Problem statement
The reply should hold only the lines below beginning at the one with "Sin estrenar. Par" and ending at the one with "A showcase of", copied exactly, with every picture left out.

-- Study material follows --

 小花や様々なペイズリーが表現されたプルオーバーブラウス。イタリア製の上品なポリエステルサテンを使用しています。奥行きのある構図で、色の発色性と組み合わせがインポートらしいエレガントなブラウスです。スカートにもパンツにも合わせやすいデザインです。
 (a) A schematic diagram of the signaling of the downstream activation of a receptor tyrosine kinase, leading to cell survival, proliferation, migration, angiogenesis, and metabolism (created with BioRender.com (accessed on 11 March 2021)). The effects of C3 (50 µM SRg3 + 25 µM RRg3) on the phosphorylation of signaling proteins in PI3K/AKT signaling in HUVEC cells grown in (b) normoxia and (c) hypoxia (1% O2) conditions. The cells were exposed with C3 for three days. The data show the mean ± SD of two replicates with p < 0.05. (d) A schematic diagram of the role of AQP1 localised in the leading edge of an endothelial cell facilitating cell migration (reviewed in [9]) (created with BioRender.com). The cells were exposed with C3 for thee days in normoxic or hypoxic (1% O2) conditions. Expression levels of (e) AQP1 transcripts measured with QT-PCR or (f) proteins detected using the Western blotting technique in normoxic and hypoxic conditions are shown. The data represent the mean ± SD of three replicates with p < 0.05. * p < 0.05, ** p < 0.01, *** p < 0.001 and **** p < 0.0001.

-- Study material concluded --
-- Study material follows --

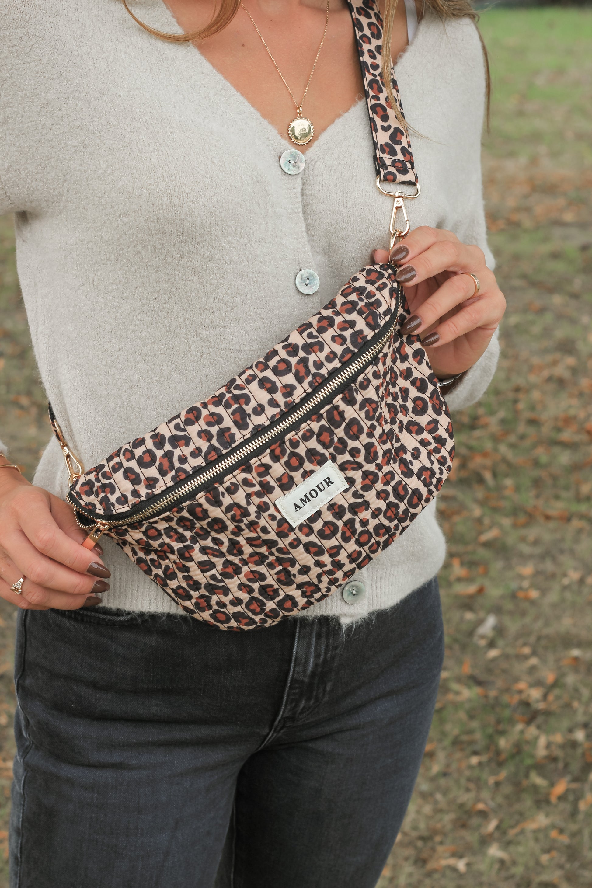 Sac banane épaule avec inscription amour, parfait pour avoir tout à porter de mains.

-- Study material concluded --
-- Study material follows --

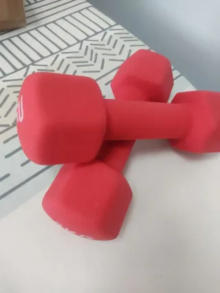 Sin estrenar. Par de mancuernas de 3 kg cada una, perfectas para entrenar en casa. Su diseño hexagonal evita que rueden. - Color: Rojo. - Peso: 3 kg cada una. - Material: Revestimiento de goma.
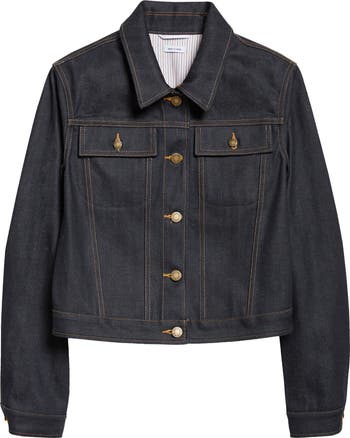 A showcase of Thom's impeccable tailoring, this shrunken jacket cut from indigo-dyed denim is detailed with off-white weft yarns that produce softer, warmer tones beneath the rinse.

-- Study material concluded --

Response below
 Sin estrenar. Par de mancuernas de 3 kg cada una, perfectas para entrenar en casa. Su diseño hexagonal evita que rueden. - Color: Rojo. - Peso: 3 kg cada una. - Material: Revestimiento de goma.
 A showcase of Thom's impeccable tailoring, this shrunken jacket cut from indigo-dyed denim is detailed with off-white weft yarns that produce softer, warmer tones beneath the rinse.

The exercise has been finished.